Initializing Pointers and Variables
- dxOne and idxTwo are initialized to 0, pointing to the beginning of both arrays.
- smallest is initialized to positive infinity. This variable will keep track of the smallest difference found so far.
- current is also initialized to positive infinity, representing the current difference being evaluated.
- smallestPair is initialized as an empty list. It will hold the pair of numbers with the smallest difference.
Iterating Through the Arrays
- A while loop runs as long as both pointers (idxOne and idxTwo) are within the bounds of their respective arrays.
- Within each iteration, it compares the elements at the current positions pointed by idxOne and idxTwo.
Calculate Current Difference
- If the element at the current position in arrayOne is smaller than the element at the current position in arrayTwo, it calculates the difference (current) by subtracting the smaller from the larger.
- If the element at the current position in arrayTwo is smaller, it calculates the difference similarly.
- If the elements are equal, it means the difference is 0, so it returns this pair immediately.
Update Smallest Difference
- After calculating the current difference, it compares it with the current smallest difference (smallest).
- If the current difference is smaller, it updates smallest and records the current pair in smallestPair.
Move Pointers
Depending on which element is smaller, it moves the corresponding pointer to the next element in its array.
Return Smallest Pair
After the loop finishes, it returns the pair stored in smallestPair, which represents the pair of numbers with the smallest absolute difference.
Essentially, the function efficiently finds the pair of numbers with the smallest absolute difference by sorting the arrays and iterating through them with two pointers, updating the smallest difference and corresponding pair as it goes.

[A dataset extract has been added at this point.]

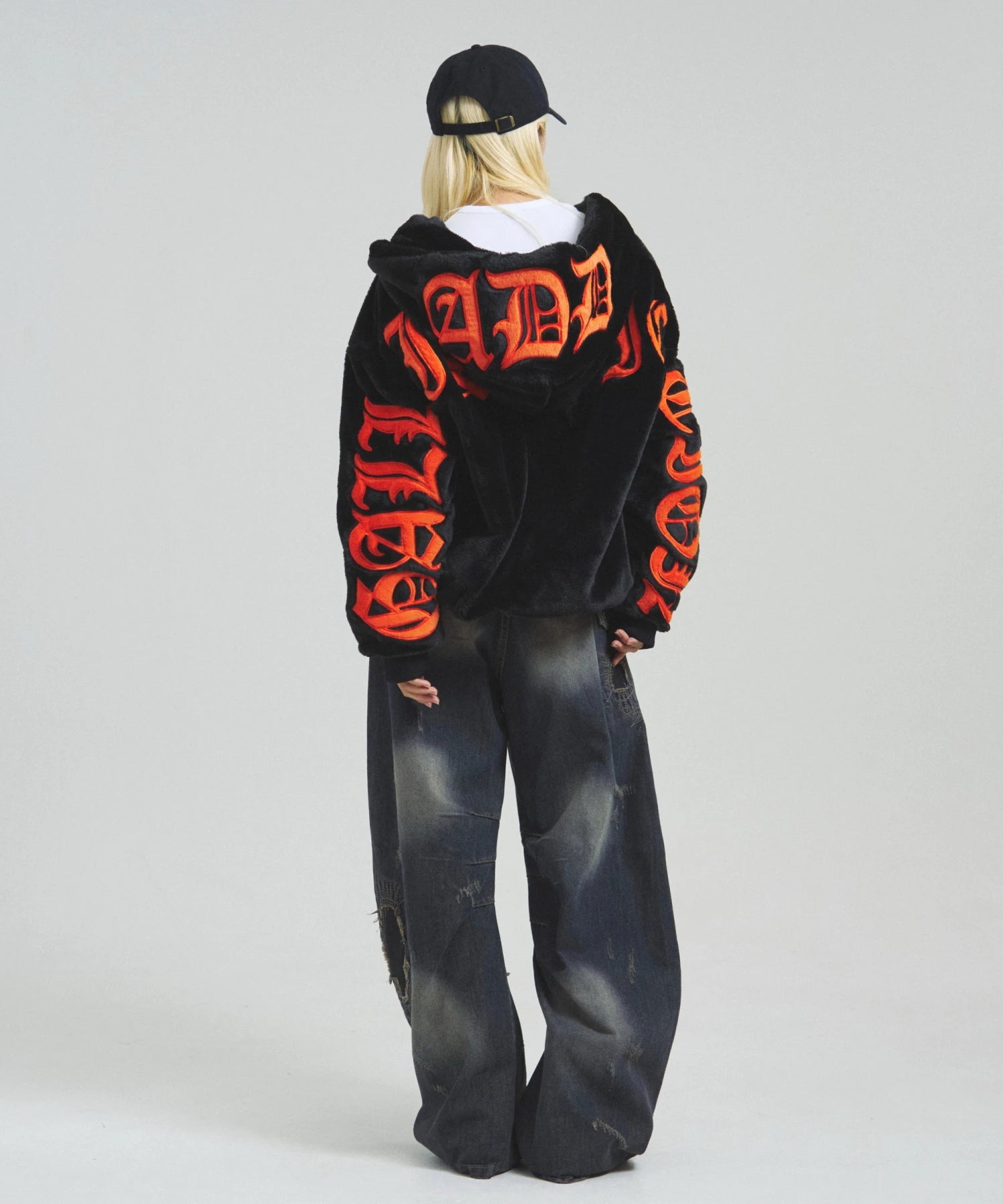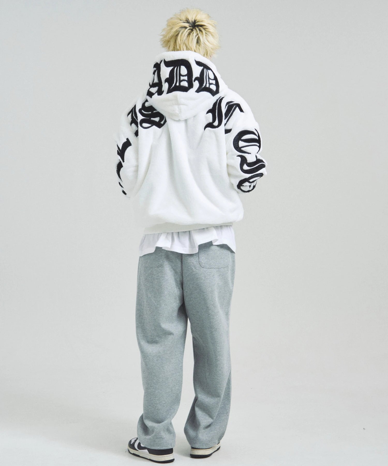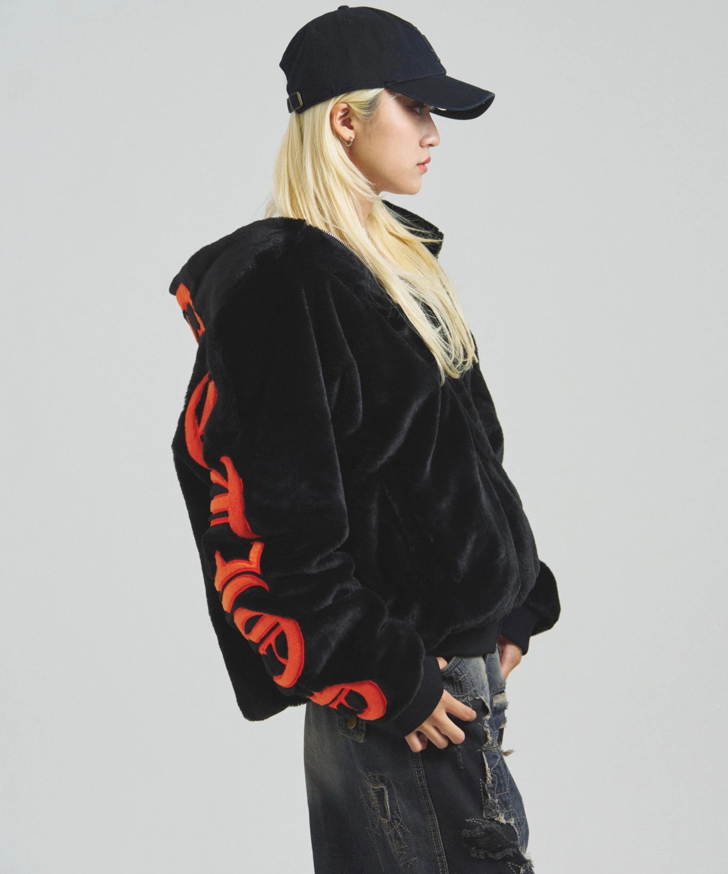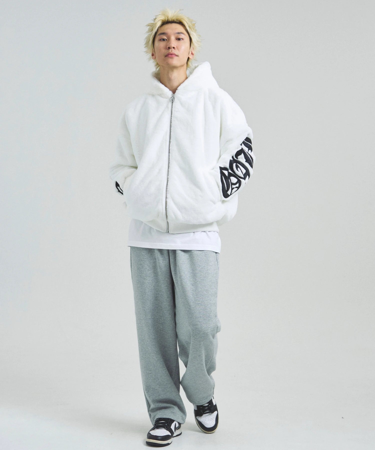 圧倒的な存在感を放つオールドイングリッシュロゴが印象的な、GALLIS ADDICTIONのファーブルゾン。毛足の長いフェイクファー素材を贅沢に使用し、ふんわりとした肌触りと高い保温性を両立。軽量で柔らかな着心地が魅力で、ストリートからデイリーまで幅広いスタイリングに対応します。フロントはシンプルなジップアップ仕様ながら、バックに大胆に施されたブランドロゴ刺繍が視線を惹きつけるデザイン。オーバーサイズのシルエットで、ユニセックスに着用可能。トレンド感のあるルーズなフォルムと、GALLIS ADDICTIONらしいエッジの効いたグラフィックが融合した一着は、羽織るだけでコーディネートにインパクトを与える主役級アイテムです。カラー展開はホワイト、ブラック、オレンジの3色。個性に合わせて選べるバリエーションも魅力です。
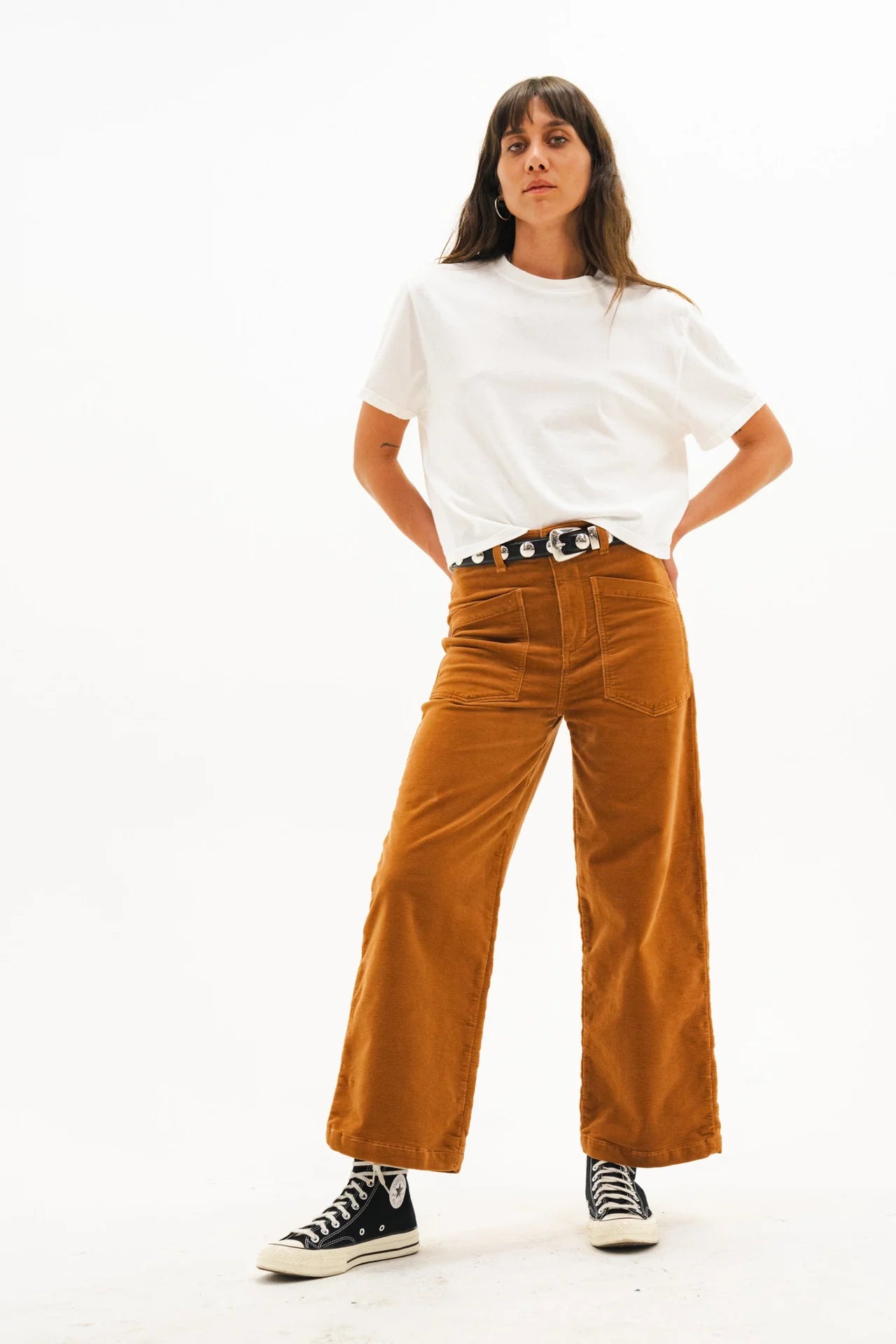 A modern wide-leg corduroy pant with a high rise and a structured yet comfortable fit. Designed with stretch for ease of movement, the Virginia Pant features clean front seaming and a vintage-inspired silhouette that hits just above the ankle. Finished with tonal stitching and a raw hem for a casual edge, it's the ideal statement bottom to pair with your favorite tee or knit.

Here's a slight variation of the same implementation,
def smallest_difference(arrayOne, arrayTwo):
arrayOne.sort()
arrayTwo.sort()
idxOne = 0
idxTwo = 0
smallest = float("inf")
current = float("inf")
smallestPair=[]
while idxOne < len(arrayOne) and idxTwo < len(arrayTwo):
firstNum = arrayOne[idxOne]
secondNum = arrayTwo[idxTwo]
if firstNum < secondNum:
current = secondNum - firstNum
idxOne += 1
elif secondNum < firstNum:
current = firstNum -secondNum
idxTwo +=1
else:
return [firstNum, secondNum]
if smallest > current:
smallest = current
smallestPair =[firstNum, secondNum]
return smallestPair
Time & Space complexity
Here, I will analyze the time and space complexity of the solution above:
Time Complexity Analysis
Sorting Arrays
Sorting both arrayOne and arrayTwo individually takes O(n log n) time complexity, where n is the size of each array. A more accurate way to express it would be to say O(n log n) + O(m log m) where n is the size of arrayOne while m is the size of arrayTwo.
Iterating Through Arrays
Since we are iterating through both arrays only once, the time complexity for this step is O(n), where n is the size of the larger array among arrayOne and arrayTwo.
Overall, the dominant factor in the time complexity is the sorting step, which is O(n log n).
Space Complexity Analysis
Sorting Arrays
Sorting is in-place, meaning it doesn't require additional space. However, if the sorting algorithm used is not in-place (like Python's built-in sorting algorithm sorted()), you will require additional space.
In such a case, the space complexity would be O(n).
Additional Space
The solution uses a few additional variables (idxOne, idxTwo, smallest, current, smallestPair) and no additional data structures. Therefore, the space complexity for these variables is constant, i.e., O(1).
Overall, the dominant factor in the space complexity is the sorting step, which typically requires O(n) space. Therefore, the overall space complexity of the solution is O(n) if the sorting algorithm requires additional space, and O(1) if the sorting algorithm is in-place.
Unit Test
Here are some unit tests for smallest_difference algorithm using `unittest` module.
import unittest
class TestSmallestDifference(unittest.TestCase):
def test_smallest_difference(self):
# Test case where arrays have different lengths
self.assertEqual(smallest_difference([1, 3, 15, 11, 2], [23, 127, 235, 19, 8]), [11, 8])
# Test case where arrays have the same length
self.assertEqual(smallest_difference([10, 20, 30], [15, 25, 35]), [20, 15])
# Test case where one array is empty
self.assertEqual(smallest_difference([], [1, 2, 3]), [])
# Test case where both arrays are empty
self.assertEqual(smallest_difference([], []), [])
# Test case where arrays contain negative numbers
self.assertEqual(smallest_difference([-10, -5, 0], [-3, -1, 5]), [-5, -3])
# Test case where arrays contain duplicate numbers
self.assertEqual(smallest_difference([1, 1, 1], [1, 1, 1]), [1, 1])
# Test case where one array contains only one element
self.assertEqual(smallest_difference([10], [100, 200, 300]), [10, 100])
# Test case where both arrays contain only one element
self.assertEqual(smallest_difference([5], [5]), [5, 5])
if __name__ == '__main__':
unittest.main()